[Records shown]

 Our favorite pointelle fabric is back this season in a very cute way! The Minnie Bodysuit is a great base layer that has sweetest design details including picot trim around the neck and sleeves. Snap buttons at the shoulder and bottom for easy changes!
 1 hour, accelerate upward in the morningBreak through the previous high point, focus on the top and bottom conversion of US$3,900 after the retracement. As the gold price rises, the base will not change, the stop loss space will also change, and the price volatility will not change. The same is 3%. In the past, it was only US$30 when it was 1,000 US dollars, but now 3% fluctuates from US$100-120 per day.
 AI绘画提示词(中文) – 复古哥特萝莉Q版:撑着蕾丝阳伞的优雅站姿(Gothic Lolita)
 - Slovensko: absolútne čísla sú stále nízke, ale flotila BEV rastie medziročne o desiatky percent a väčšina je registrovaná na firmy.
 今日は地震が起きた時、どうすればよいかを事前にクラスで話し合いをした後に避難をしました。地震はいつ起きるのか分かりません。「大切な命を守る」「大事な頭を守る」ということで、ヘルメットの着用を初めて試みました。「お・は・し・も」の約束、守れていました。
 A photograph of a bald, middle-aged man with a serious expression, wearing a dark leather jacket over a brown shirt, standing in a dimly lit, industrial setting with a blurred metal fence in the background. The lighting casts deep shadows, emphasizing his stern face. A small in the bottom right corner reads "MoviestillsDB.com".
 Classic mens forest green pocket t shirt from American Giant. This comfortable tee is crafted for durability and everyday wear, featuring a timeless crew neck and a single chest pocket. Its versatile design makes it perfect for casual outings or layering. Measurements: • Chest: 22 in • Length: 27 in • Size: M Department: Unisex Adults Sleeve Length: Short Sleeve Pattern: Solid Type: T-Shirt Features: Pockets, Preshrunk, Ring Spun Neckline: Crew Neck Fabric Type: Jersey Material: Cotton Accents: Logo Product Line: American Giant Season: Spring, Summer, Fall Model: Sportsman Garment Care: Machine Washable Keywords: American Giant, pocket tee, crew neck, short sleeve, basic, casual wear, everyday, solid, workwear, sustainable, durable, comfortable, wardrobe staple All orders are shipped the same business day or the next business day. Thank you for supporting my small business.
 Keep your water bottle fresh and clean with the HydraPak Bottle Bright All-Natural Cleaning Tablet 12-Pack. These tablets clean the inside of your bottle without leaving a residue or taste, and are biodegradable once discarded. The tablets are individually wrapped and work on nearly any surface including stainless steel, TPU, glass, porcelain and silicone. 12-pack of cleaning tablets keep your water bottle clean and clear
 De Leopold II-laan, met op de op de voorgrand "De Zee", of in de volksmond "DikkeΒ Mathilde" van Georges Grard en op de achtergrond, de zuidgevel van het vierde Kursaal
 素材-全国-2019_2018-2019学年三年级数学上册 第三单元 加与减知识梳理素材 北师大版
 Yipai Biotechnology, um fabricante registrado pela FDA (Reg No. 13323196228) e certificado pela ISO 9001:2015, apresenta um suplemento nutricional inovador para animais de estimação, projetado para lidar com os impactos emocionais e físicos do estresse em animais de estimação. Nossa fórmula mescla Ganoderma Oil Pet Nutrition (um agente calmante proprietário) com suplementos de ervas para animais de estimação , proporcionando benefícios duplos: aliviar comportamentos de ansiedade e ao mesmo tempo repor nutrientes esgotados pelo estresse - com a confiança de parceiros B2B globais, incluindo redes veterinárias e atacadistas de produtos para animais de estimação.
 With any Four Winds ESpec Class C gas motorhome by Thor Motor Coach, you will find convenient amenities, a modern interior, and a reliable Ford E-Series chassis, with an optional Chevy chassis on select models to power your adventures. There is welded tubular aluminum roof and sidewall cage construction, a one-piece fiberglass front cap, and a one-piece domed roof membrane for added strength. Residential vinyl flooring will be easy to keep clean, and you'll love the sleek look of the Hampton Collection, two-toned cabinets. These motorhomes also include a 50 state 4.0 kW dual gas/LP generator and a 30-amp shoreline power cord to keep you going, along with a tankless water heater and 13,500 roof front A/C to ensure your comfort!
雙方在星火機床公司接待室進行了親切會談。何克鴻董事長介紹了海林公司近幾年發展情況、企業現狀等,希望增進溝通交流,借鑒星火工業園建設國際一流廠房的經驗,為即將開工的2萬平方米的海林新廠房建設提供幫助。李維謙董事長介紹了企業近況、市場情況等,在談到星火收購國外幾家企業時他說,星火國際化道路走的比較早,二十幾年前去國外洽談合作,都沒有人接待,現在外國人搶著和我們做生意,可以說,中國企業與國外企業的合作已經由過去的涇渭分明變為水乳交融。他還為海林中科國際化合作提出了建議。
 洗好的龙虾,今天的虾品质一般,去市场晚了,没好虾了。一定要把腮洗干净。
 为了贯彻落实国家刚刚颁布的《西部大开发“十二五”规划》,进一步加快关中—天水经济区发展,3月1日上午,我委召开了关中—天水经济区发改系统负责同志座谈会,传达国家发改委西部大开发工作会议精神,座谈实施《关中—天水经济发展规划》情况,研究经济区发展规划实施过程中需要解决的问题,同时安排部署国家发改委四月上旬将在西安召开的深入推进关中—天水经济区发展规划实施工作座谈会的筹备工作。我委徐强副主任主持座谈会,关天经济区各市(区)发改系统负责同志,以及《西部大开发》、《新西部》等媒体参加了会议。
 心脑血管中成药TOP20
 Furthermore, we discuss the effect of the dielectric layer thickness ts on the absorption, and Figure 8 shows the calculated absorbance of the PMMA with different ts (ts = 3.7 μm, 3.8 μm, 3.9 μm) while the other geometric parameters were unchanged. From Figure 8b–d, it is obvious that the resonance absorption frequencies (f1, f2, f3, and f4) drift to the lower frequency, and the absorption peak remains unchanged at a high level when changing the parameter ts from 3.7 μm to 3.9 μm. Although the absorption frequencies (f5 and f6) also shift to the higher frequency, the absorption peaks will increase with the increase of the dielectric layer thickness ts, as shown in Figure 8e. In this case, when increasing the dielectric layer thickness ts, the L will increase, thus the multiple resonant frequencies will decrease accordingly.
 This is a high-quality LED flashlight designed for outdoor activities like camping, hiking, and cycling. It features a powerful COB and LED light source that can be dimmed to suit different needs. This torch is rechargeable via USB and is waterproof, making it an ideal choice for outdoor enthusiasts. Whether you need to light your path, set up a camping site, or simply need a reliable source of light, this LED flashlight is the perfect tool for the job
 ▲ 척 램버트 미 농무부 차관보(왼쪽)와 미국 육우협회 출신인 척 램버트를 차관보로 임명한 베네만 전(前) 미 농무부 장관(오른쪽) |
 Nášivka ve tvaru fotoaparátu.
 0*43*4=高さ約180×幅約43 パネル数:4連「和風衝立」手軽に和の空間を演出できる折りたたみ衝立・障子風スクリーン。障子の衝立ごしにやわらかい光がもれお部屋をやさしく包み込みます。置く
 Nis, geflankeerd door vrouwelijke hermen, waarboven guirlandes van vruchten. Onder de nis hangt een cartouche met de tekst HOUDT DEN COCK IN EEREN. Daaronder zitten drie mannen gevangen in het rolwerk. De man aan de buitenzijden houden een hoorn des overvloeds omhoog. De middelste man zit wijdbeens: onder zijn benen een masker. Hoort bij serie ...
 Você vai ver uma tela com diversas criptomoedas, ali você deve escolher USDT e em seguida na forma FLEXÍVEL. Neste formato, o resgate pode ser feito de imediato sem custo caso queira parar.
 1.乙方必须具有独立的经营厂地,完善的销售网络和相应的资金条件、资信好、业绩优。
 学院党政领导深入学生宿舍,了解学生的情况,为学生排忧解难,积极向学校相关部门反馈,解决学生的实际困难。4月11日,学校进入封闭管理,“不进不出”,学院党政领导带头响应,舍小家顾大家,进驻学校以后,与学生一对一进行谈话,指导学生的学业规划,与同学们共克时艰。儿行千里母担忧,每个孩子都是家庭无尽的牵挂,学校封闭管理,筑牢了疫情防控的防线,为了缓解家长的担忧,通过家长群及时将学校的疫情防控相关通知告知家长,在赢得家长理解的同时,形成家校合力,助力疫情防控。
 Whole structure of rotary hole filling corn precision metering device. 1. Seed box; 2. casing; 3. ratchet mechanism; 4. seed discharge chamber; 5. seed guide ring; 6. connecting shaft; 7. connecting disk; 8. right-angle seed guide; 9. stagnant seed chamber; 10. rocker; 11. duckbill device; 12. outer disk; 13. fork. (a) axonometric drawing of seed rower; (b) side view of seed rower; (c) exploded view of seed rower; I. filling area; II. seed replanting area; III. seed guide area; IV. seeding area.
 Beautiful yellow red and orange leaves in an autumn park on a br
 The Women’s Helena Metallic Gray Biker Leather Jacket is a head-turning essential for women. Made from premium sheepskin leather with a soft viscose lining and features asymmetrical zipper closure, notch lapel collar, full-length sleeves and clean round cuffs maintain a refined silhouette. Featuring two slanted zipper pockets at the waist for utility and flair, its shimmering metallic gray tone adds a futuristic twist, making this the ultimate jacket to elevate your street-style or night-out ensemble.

[/Records shown]

What you are asked to do> Quote the data above from the line containing "This is a high-quality" to the line containing "농무부 장관(오른쪽) |", inclusive, and stop.

Written reply>
 This is a high-quality LED flashlight designed for outdoor activities like camping, hiking, and cycling. It features a powerful COB and LED light source that can be dimmed to suit different needs. This torch is rechargeable via USB and is waterproof, making it an ideal choice for outdoor enthusiasts. Whether you need to light your path, set up a camping site, or simply need a reliable source of light, this LED flashlight is the perfect tool for the job
 ▲ 척 램버트 미 농무부 차관보(왼쪽)와 미국 육우협회 출신인 척 램버트를 차관보로 임명한 베네만 전(前) 미 농무부 장관(오른쪽) |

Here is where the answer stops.